Estimated mean (time integrated) values and standard errors for AFO and FES for each of the spatiotemporal and swing-phase parameters (n = 19). n.s = not significant difference; * = p < 0.05. AFO = ankle-foot orthosis; FES = implanted functional electrical stimulation.
This study substantiates the scientific evidence that implantable peroneal FES as a treatment for post-stroke drop foot may have kinematic and kinetic advantages compared to AFO. In particular, by allowing full freedom of motion at the ankle joint, patients are able to optimally use any residual calf muscle strength for generating ankle plantarflexion power and propulsion during push-off, which may optimize step-length symmetry in asymmetric patients.

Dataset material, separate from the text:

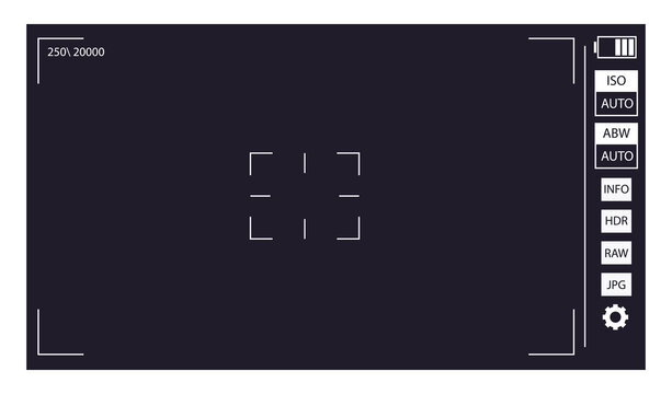 Camera viewfinder. Focusing screen recording. Black screen camera with video shooting parameters, photo quiality indicators. Digital zoom recording for modern bloggers

In addition, knee instability (towards extension) during mid-stance may be less with FES compared to AFO due to optimal tibial progression at the ankle. Whether these stance-phase benefits translate into improved swing-phase characteristics remains questionable. Changes in swing-phase kinematics are probably strongly dependent on individual patient characteristics such as the timing and strength of the push-off and compensation strategies used. Future research should focus on more complex gait tasks in which stance-phase stability and push-off regulation are challenged in order to fully understand the potential benefits of (implantable) peroneal FES compared to AFO in patients with post-stroke drop foot.
Conflict of interest
None of the authors have potential conflicts of interest to be disclosed.
Footnotes
Acknowledgments
The first study cohort (Group I) was funded by the Otto Bock Group. They provided the implantable systems used in this study and an allowance per patient was given. The second study cohort (Group II) was financed by TWIN Institute for Neuromodulation. We thank P. van den Munckhof, J. de Vries, and T. Beems † for their neurosurgical contribution and R. Keukenkamp, J. den Boer and R. van Swigchem for their help during the measurements.